Required work →
Lower down are entries containing pictures. Copy exactly, without those pictures, the lines from the line with "The 29-year-old then" through the line with "이번에 정리할 프로토콜".

Records to use: Begin

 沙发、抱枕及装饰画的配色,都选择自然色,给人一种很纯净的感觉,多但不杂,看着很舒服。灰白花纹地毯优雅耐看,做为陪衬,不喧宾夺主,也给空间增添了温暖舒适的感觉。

Records to use: End
Records to use: Begin

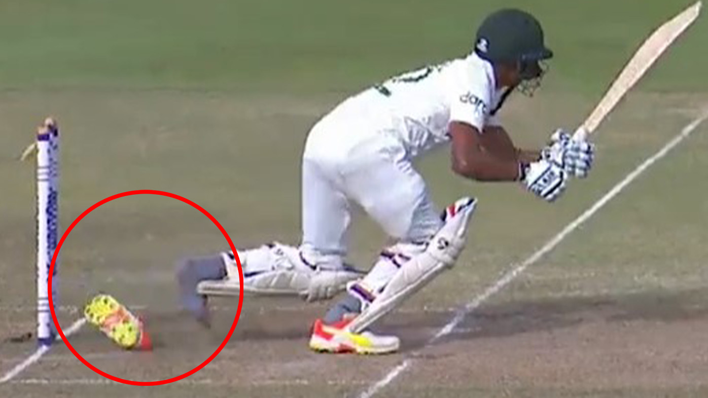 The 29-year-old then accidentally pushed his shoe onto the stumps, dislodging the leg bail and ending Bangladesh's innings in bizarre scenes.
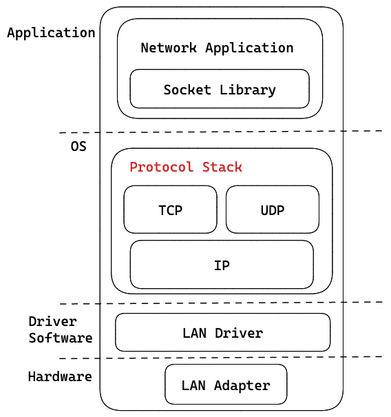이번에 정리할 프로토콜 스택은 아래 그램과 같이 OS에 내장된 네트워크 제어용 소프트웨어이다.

Records to use: End
Records to use: Begin

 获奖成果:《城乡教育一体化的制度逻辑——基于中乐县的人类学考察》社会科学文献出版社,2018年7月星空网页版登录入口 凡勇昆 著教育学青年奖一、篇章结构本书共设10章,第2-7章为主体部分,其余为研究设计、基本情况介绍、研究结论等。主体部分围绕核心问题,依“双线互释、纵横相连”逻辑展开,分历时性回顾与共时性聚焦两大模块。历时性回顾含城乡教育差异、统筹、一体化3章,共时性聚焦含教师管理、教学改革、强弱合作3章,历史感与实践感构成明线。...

Records to use: End

Exercise answer →
 The 29-year-old then accidentally pushed his shoe onto the stumps, dislodging the leg bail and ending Bangladesh's innings in bizarre scenes.
이번에 정리할 프로토콜 스택은 아래 그램과 같이 OS에 내장된 네트워크 제어용 소프트웨어이다.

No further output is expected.